Ryuji said:
You can prepare an instant ramen noodle in a flimsy aluminum pot that is no good for anything but boiling, the pot which you stole in college dorm, and the product will at least fills your stomach. But what if you want to make truly good ramen noodle of original recipe from scratch? You'll have to select the right noodle, you have to prepare the right stock to make the soup, decide what to put on the noodle, how to season them, etc. You'll need proper kitchen tools, knowledge and practical skills. This approach may give you something better than what's served at a restaurant but surely it's more expensive if you count your investment in setup, education, and your time.
But to carry the analogy a bit further, if I'm going to bother to cook for myself, I probably won't want ramen noodles anyway -- those are convenience food (at least for a gaijin like me), like a packaged developer. If I cook for myself instead of just opening a box or bag, I'm more likely to make homemade pizza (though I buy the cheese, sauce, and pepperoni, I do make my own crust), homemade biscuits, waffles, pancakes, johnny cakes, muffins, chili, curry, or even a souffle', than to try to reproduce the commercial packaged food (or developer).
And when I cook for myself, there are some recipes in which I measure with precision (like biscuits, which won't work if the proportions aren't pretty close) and others in which I simply add amounts that experience tells me are correct (like my curry, 100% my recipe except for use of commercial boullion cubes and curry powder rather than homemade stock and discrete spices -- I had to think about it quite hard when making it in order to get amounts and write down a recipe when someone else wanted to try it). I get good results both ways.

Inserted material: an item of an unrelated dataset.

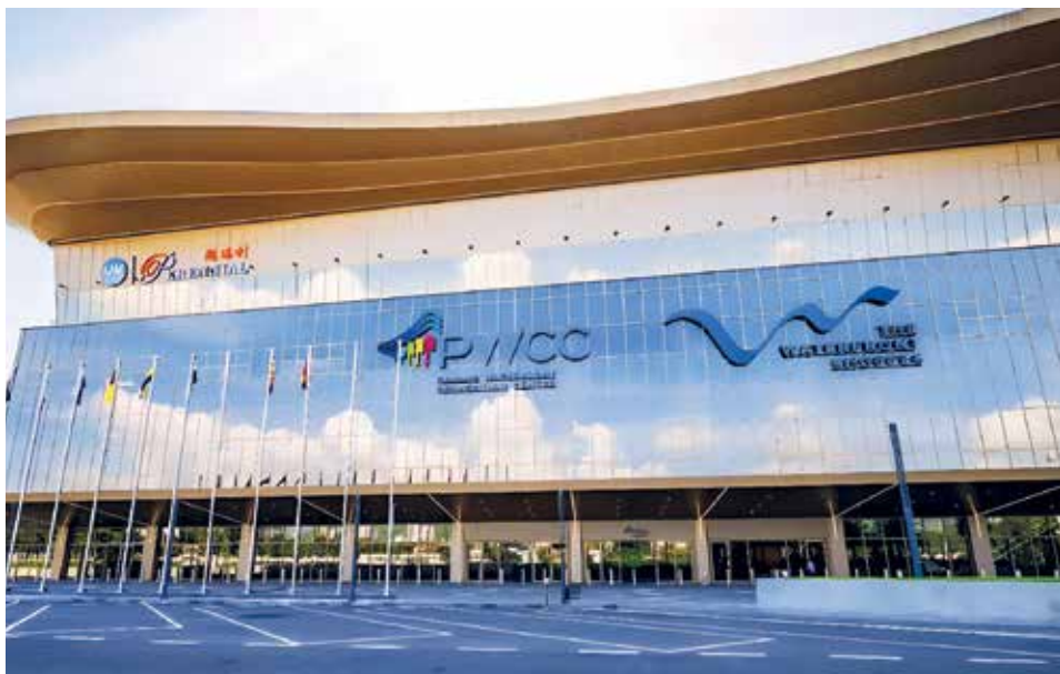
PWCC kini menjadi fasiliti penganjuran acara MICE terbaharu di negeri ini.

Similarly, I get consistently good results with my Caffenol LC+C, now my standard developer for the Copex Rapid microfilm I use in my Minolta 16 cameras. A pinch of this, a quarter teaspoon of that, but the results are excellent -- and consistent, within the means I have to measure. What's the pH? BTSOOM. How many grams of coffee crystals or washing soda do I use? Heckifino. I make it with a cheap set of plastic measuring spoons, in a plastic kitchen-type measuring cup that masquerades as a 250 ml graduate; I stir it with my glass darkroom thermometer. And while the idea of reducing the concentration of a coffee developer to get low contrast results with a document film like Copex Rapid (or Imagelink HQ, where I first tried Caffenol LC) was based on my reading of Anchell & Troop, my trying it and finding my way to good results (in only a half dozen attempts) had nothing to do with expensive equipment.
Okay, perhaps that makes coffee a "tolerant" developer -- and likely it is.
At my level of experimentation, an intolerant one will quickly be put aside, because, for me, it won't work well -- even if you or Jay or someone else comes up with a perfect formula, if it won't tolerate uncontrolled pH or a few percent variation in amounts, it's not suitable for those who can't throw money at this.
Meantime, as long as they keep selling hypo as a chlorine remover for swimming pools and washing soda still sells enough boxes a month to stay on the shelves in the supermarket (I don't see coffee going away any time soon), I'll be able to develop whatever silver halide emulsions I can find to make images on. And I won't need a digital scale that will quit working when the battery becomes obsolete, nor a pH meter, to do it.